As we emerge from lockdown, businesses will be considering the future from many different perspectives, whether that is protection, growth, improving operational efficiency, succession, or sale. In many cases, some form of restructuring will be necessary to meet the business’ objectives – which can often be carried out quite straightforwardly.
As we begin emerging from lockdown, businesses will be considering the future from many different perspectives, whether that is protection, growth, improving operational efficiency, succession, sale or something else.
In many cases, some form of restructuring will be necessary to meet the business’ objectives.
For example, if a business has different departments under the same, single corporate structure, there may be some areas that are profitable and others that have struggled to bring in turnover.
This may have been the case for some time, but the present situation may have brought this into sharper focus. A significant downturn in one area can have a dramatic effect on the business as a whole ¬– and it may not be ideal for a particularly profitable area of the business to shore up others that are failing.
This may also be relevant where a business is established through several separate corporate entities, all of which may be owned by the same individuals, but are not within the same group of companies. This often makes it difficult for the business to share resources between the separate arms.
Alternatively, a business may have diverse areas within a single corporate structure. The individual elements may well be very marketable for a sale, but collectively very difficult to either pass on to future owners or prospective buyers.

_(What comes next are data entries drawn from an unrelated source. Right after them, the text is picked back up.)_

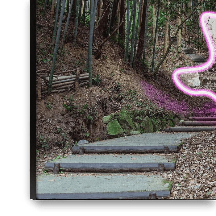 Suivez les escaliers qui mènent au portail en néon dans la forêt de bambous verts pour découvrir un monde de cerisiers roses en fleurs et de châteaux au Japon.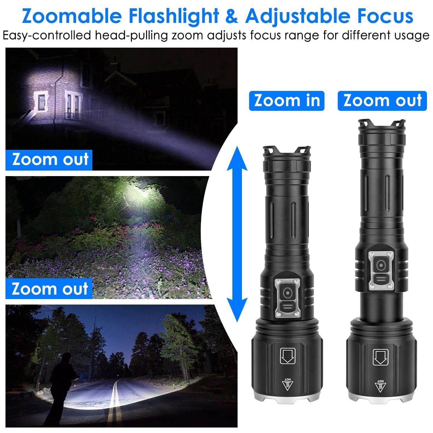 Super Bright LED Flashlight Waterproof Rechargeable Zoomable Tactical Torch Light Emergency Power Bank Support 3 Battery Types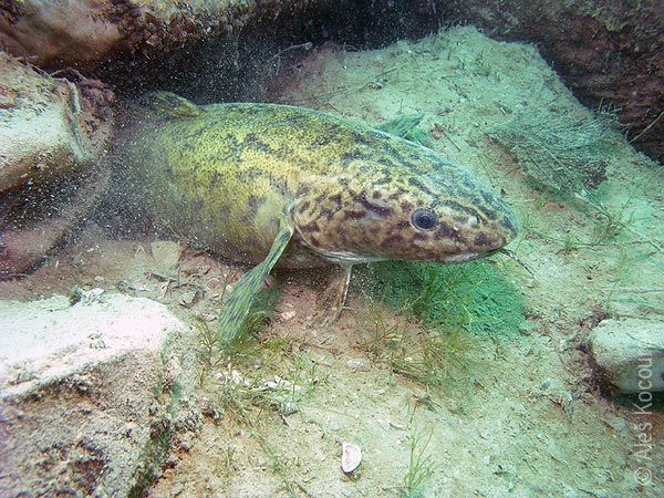 Charakteristickým znakem je jediný fous uprostřed brady. Břišní ploutve má před prsními. Zbarven je dosti proměnlivě, od šedohnědé barvy do černozelené, s nápadným tmavým mramorováním na těle i na ploutvích.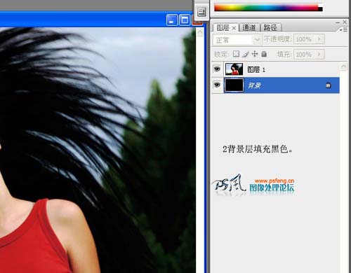 2、把背景图层填充黑色。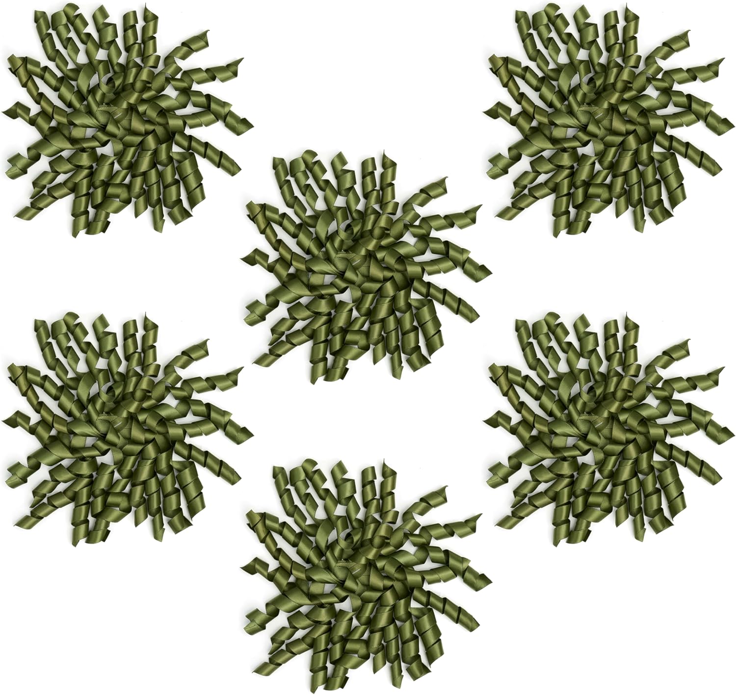 6 Inch Moss Curly Bows for Gift Wrapping Set of 6, Self Adhesive Bows Olive Green Gift Bows for Presents, Satin Ribbon Bows for Birthday, Wedding, Christmas, Bridal Shower
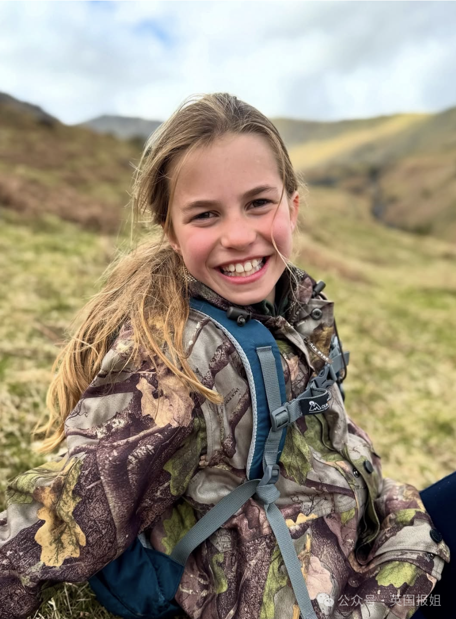 接着是5月。夏洛特今年的生日照是年初访问英格兰时,凯特用手机拍下的。照片中她身穿迷彩外套,背着蓝色背包,正在享受户外郊游的乐趣。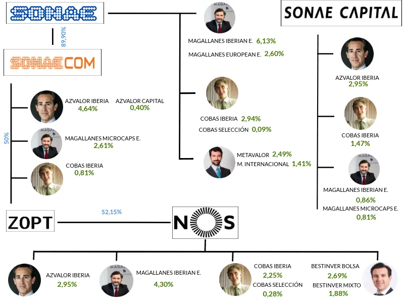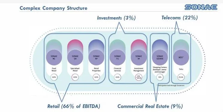 Cuatro de las firmas son las que cotizan en bolsa. SONAE SGPS S.A, es la matriz del grupo, ya hemos comentado arriba su estructura. Además ostenta un 88,36% de SONAECOM otras de las cotizadas (división donde está el negocio de las telecomunicaciones) y tiene el 89,9% de los derechos de voto. De esta manera, a través de SONAECOM posee el 50% de ZOPT accionista controlador de NOS (segundo mayor operador de Telecoms en Portugal después de Portugal Telecom) con una participación del 52.15% del capital.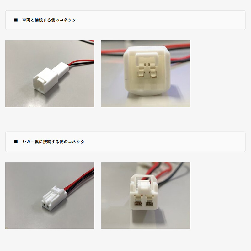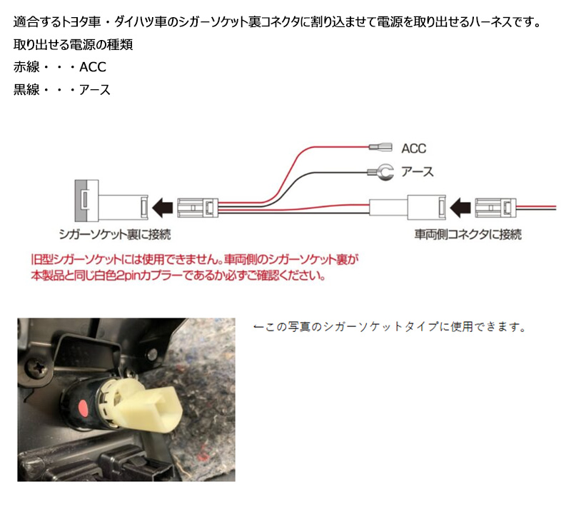 適合するトヨタ車・ダイハツ車のシガーソケット裏コネクタに割り込ませて電源を取り出せるハーネスです。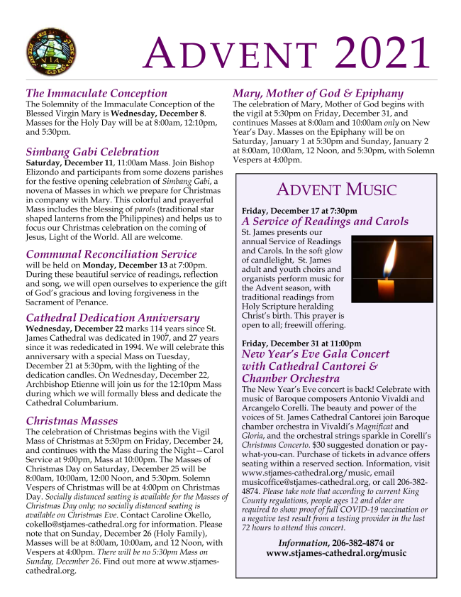 CATHEDRAL DEDICATION ANNIVERSARY Wednesday, December 22 marks 114 years since St. James Cathedral was dedicated in 1907, and 27 years since it was rededicated in 1994. We will celebrate this anniversary with a special Mass on Tuesday, December 21 at 5:30pm, with the procession and lighting of the dedication candles. On Wednesday, December 22, Archbishop Etienne will join us for the 12:10pm Mass during which we will formally bless and dedicate the Cathedral Columbarium.

For all of the reasons above, it may be helpful to consider restructuring a company, whether from one corporate entity to several, or by bringing several separately owned companies under the ownership of one corporate entity. In many cases, this is actually relatively straightforward.
The very first port of call will be your accountants and tax advisers, for several reasons:
1. They may well be able to find tax efficient ways of distributing profits through a different group structure.
2. They will be able to assess the viability of different areas of the business and provide advice on an appropriate structure.
3. Clearance will almost always be sought from HMRC in order to approve the proposed structure, ensure that the proposed structure will not infringe any tax rules, and verify that the issue of shares to the proposed recipients will not be treated as income or a distribution.
The benefits of this a restructure or reorganisation can include:
› Once companies are in the same group, group tax reliefs can be used to transfer assets and cash within the group. This is known as hiving up – or hiving down – depending on whether the assets are travelling up to the top company, or down to a subsidiary.
› If difficulties arise in one of the subsidiaries, or if proceedings are issued against one of the subsidiaries, the assets of the other members of the group, including the top company, can be insulated from such action.
› If a prospective buyer is interested in the entire business, the top company can be acquired, and all companies will be transferred at the same time; equally, if a prospective buyer is interested in only one or some of the arms of the business, just that subsidiary can be acquired.
A restructure can carry many benefits, both from a structural and financial perspective, and with proper advice and assistance, is straightforward and cost-effective. Reorganisation can ensure the long-term viability of a business, to hold or to pass on the next owners.
Here are five recommendations for businesses considering any sort of reorganisation:
1. Carefully assess your business to see if it is sufficiently diverse to justify separating it into different subsidiaries. A failure to do so can result in confusion, both in the marketplace, but also with staff.
2. Speak to your accountants and tax advisers early to hear their views on what the best structure might be. This will assist not only with short term implementation, but also long term planning.
3. Consider in detail how easy it will be to transfer assets – and most importantly people – into the correct subsidiary. Consider carefully if any third parties will need to be consulted e.g. your bank, or any lease companies.
4. Obtain clearance from HMRC to ensure there are no adverse implications from restructuring your business. Whilst relatively straightforward – and usually granted – a failure to do so can result in significant taxation implications.
5. Once the restructure has happened, make sure that people and assets are only used in one subsidiary so that there is a clear separation of responsibilities and liabilities.